WORK REQUIRED: In the listing that follows, find the line with "黑皮辣妹lloKitty比基尼小胸聚拢千禧辣妹分体泡温泉泳衣三件套女", then copy exactly from it through the line with "울산 동구는 2024년", leaving out every picture.
─── GIVEN DATA ───
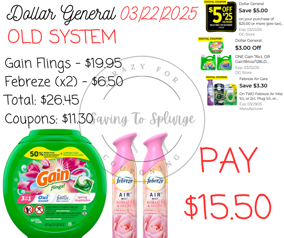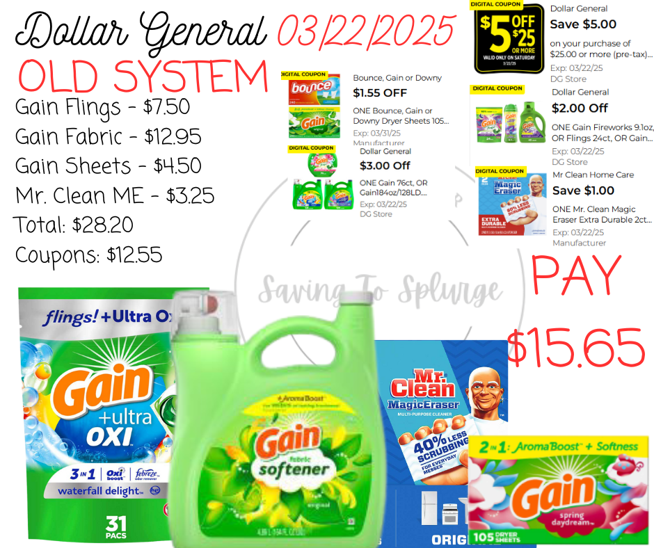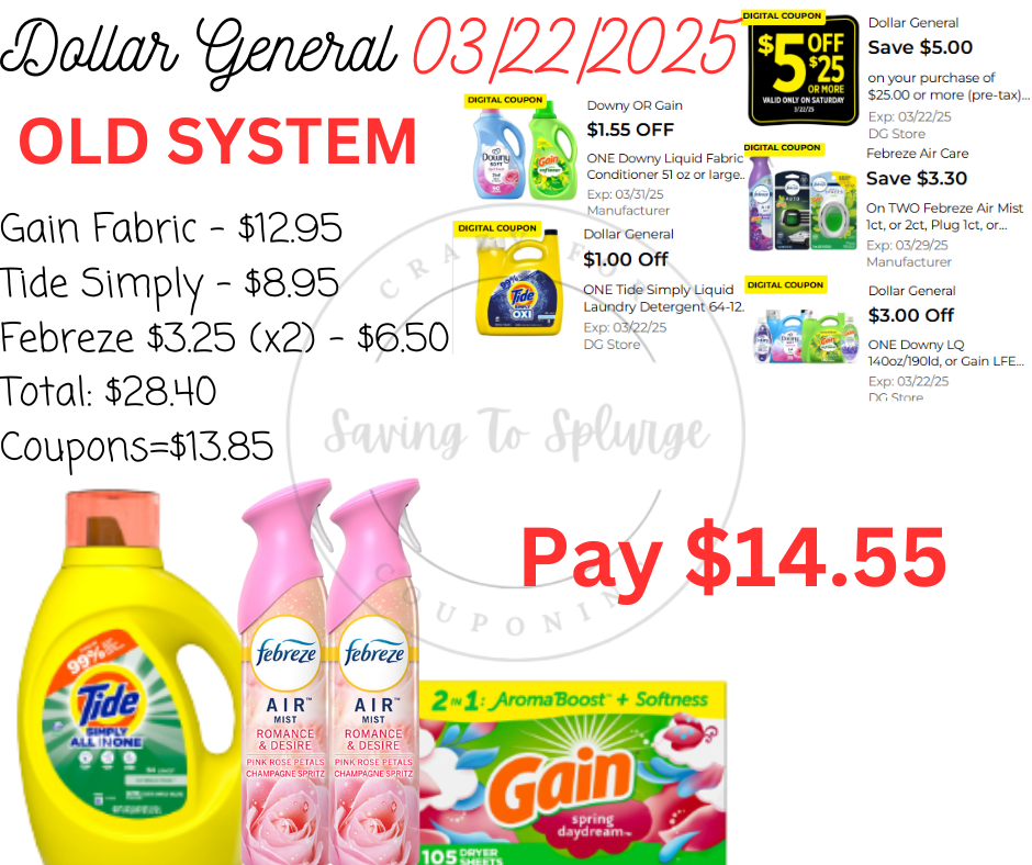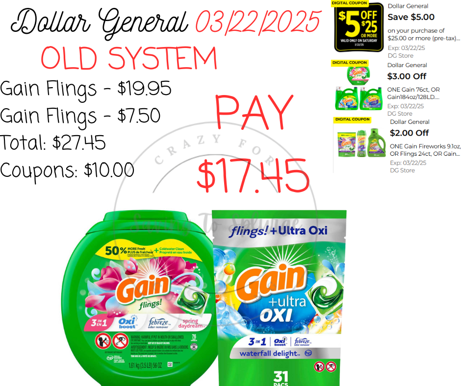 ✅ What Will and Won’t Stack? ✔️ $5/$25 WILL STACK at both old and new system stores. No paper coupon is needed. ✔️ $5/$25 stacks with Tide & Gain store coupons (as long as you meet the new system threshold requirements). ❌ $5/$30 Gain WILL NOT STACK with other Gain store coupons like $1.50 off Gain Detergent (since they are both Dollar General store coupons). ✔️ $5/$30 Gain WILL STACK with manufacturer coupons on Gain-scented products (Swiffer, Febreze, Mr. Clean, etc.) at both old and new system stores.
───
─── GIVEN DATA ───
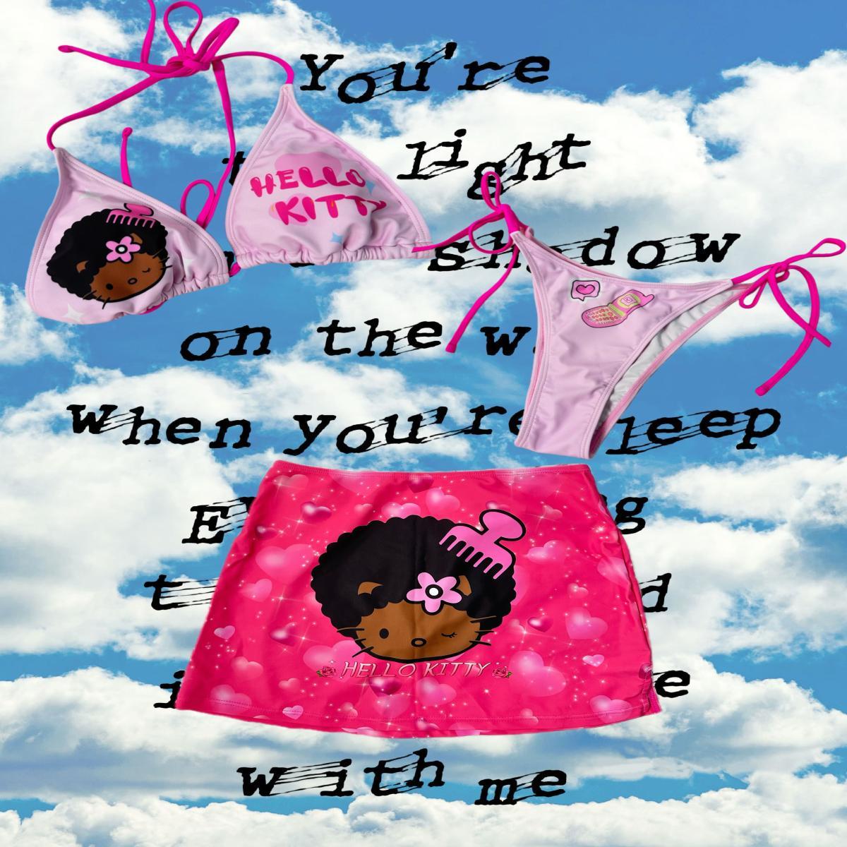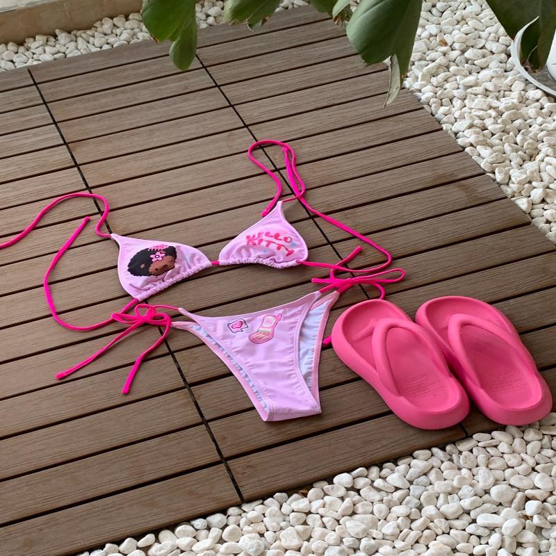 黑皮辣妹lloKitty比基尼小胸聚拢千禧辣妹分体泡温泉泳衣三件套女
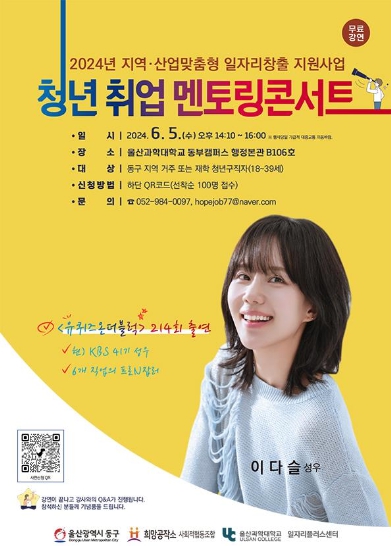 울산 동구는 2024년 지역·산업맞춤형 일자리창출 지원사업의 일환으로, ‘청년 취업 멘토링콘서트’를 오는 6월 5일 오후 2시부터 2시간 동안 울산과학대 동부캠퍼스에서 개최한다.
───
─── GIVEN DATA ───
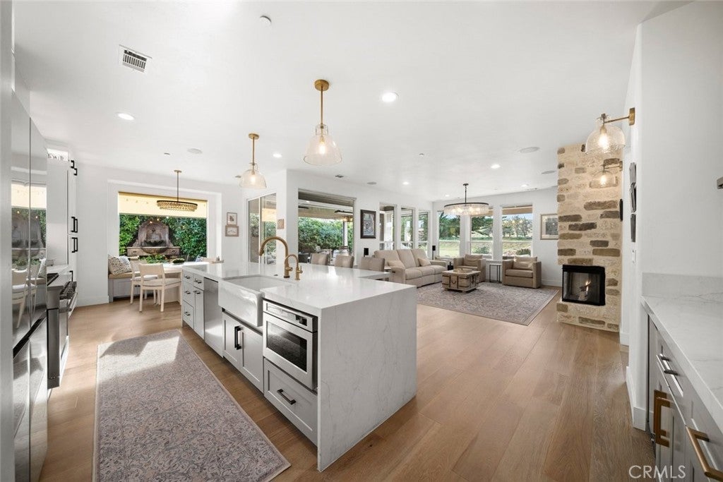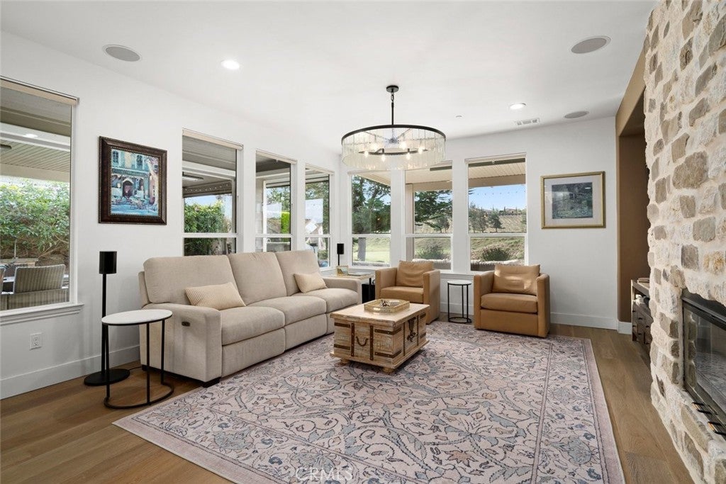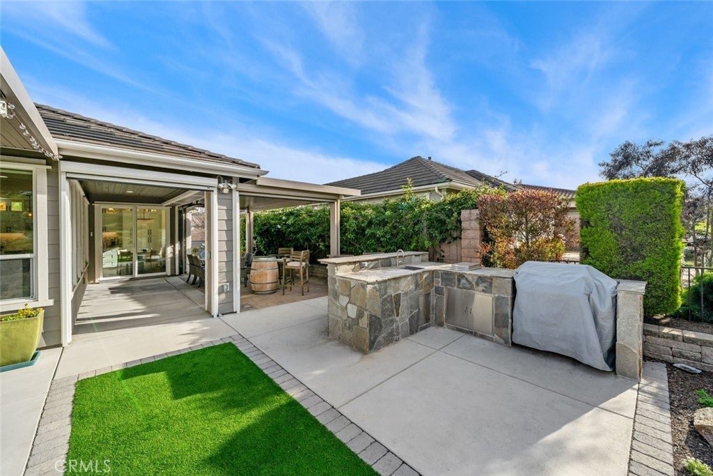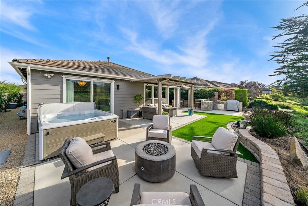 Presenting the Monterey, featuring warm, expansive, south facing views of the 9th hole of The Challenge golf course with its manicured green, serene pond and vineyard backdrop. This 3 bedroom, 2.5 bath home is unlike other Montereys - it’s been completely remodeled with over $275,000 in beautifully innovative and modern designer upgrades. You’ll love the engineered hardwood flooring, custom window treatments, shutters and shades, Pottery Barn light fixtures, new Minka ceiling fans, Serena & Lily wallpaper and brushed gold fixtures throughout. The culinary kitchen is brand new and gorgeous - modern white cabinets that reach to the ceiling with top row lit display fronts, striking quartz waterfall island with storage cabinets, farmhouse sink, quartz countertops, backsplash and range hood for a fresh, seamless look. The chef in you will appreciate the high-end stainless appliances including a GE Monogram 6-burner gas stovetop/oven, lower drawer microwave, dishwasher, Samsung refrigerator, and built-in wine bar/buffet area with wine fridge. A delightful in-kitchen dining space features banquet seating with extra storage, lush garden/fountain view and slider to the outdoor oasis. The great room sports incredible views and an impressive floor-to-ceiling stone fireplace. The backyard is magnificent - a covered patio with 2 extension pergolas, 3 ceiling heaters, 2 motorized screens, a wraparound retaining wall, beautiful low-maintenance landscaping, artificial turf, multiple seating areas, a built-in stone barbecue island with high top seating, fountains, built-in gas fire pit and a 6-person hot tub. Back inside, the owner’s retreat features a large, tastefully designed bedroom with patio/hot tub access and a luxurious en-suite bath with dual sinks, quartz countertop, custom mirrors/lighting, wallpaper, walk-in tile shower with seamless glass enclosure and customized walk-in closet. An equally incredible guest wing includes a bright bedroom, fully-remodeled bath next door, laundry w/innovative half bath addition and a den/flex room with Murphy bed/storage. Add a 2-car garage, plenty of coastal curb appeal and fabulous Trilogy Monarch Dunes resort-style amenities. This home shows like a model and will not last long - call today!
───
OUTPUT FOR THIS TASK:
 黑皮辣妹lloKitty比基尼小胸聚拢千禧辣妹分体泡温泉泳衣三件套女
 울산 동구는 2024년 지역·산업맞춤형 일자리창출 지원사업의 일환으로, ‘청년 취업 멘토링콘서트’를 오는 6월 5일 오후 2시부터 2시간 동안 울산과학대 동부캠퍼스에서 개최한다.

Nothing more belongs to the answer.